Yes  We jump 22" specials in AAC, but he should jump at 26". I think I just have a chip on my shoulder about the principle of it all. To me it just doesn't make sense (and I don't understand how it makes sense to anyone else, lol) how a dog that's 21.5" should "regularly" compete at 26". I will get over myself and/or beyond addicted soon enough, haha! Fin jumps 20" in CKC and I love that! Interesting to know there is "something" (USDAA) that compares to AAC in the states! When I was preggo in the Fall and posted here about my trainer running Fin in an AAC trial I didn't clue in that AAC would mean nothing to someone not in Canada


----------



## sammydog (Aug 23, 2008)

I am with you with the jump height thing! I have never done USDAA because my girl who jumps 20" in AKC would have to jump 26" in USDAA! I know there the Performance class that jumps lower... but the whole idea of it keeps me away. Plus even in the Performance class she would have to jump 22"... That is pretty much the only reason I stick to AKC...


----------



## Kat's Dogs (Jul 31, 2012)

Oh, I see. I thought he was jumping 24" in AKC. :doh: Absolutely, do whatever feels right (and actually, "looks right" as far as the dog's movement over the jumps) for heights. Especially since you still have CPE, NADAC, DOCNA, UKC, UKI, etc. etc. etc. if you want more variety in the future but with lower jump heights. Plenty of options for addiction.


----------



## ILoveMyGolden (Oct 19, 2006)

Kat's Dogs said:


> Oh, I see. I thought he was jumping 24" in AKC. :doh: Absolutely, do whatever feels right (and actually, "looks right" as far as the dog's movement over the jumps) for heights. Especially since you still have CPE, NADAC, DOCNA, UKC, UKI, etc. etc. etc. if you want more variety in the future but with lower jump heights. Plenty of options for addiction.

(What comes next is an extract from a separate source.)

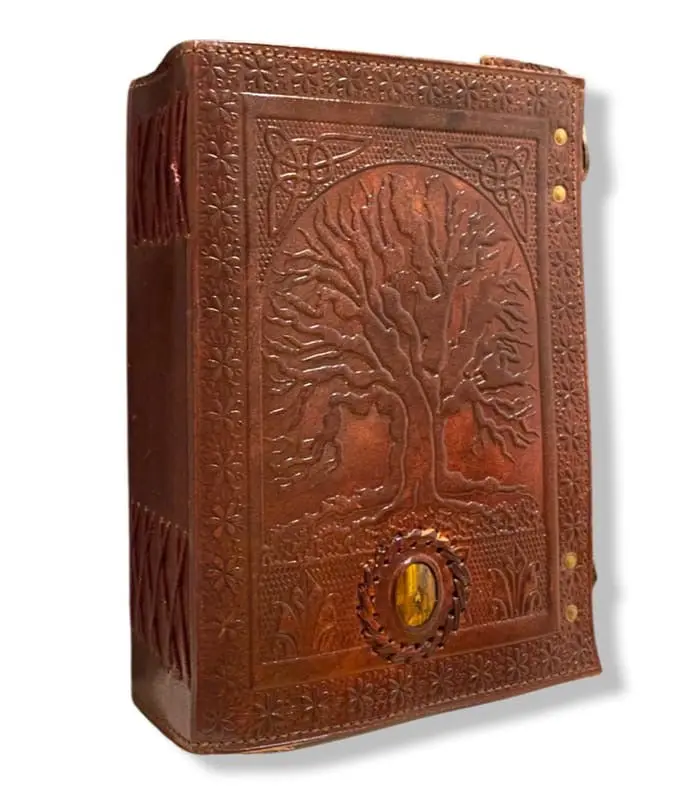 • Design: Vintage leather cover embossed with seven-stone chakra motif, artisan-crafted and secured with a lock clasp

I haven't even looked at CPE and UKI (other ones I haven't even heard of yet, eep!) but yah, looks like we will have lots to chew on for trialing! Agree on looks right, Fin's stumpy legs! Thanks!


----------



## Sydney's Mom (May 1, 2012)

This thread is so interesting (re: jump heights). Sydney should jump 26" in AAC but it's a lot... my trainers think maybe 22" would be better for her and I was wondering about it myself. So great to get some more opinions - and see that other people jump specials for a lower measure!! 

We're working our way up to our first trials later this year...


----------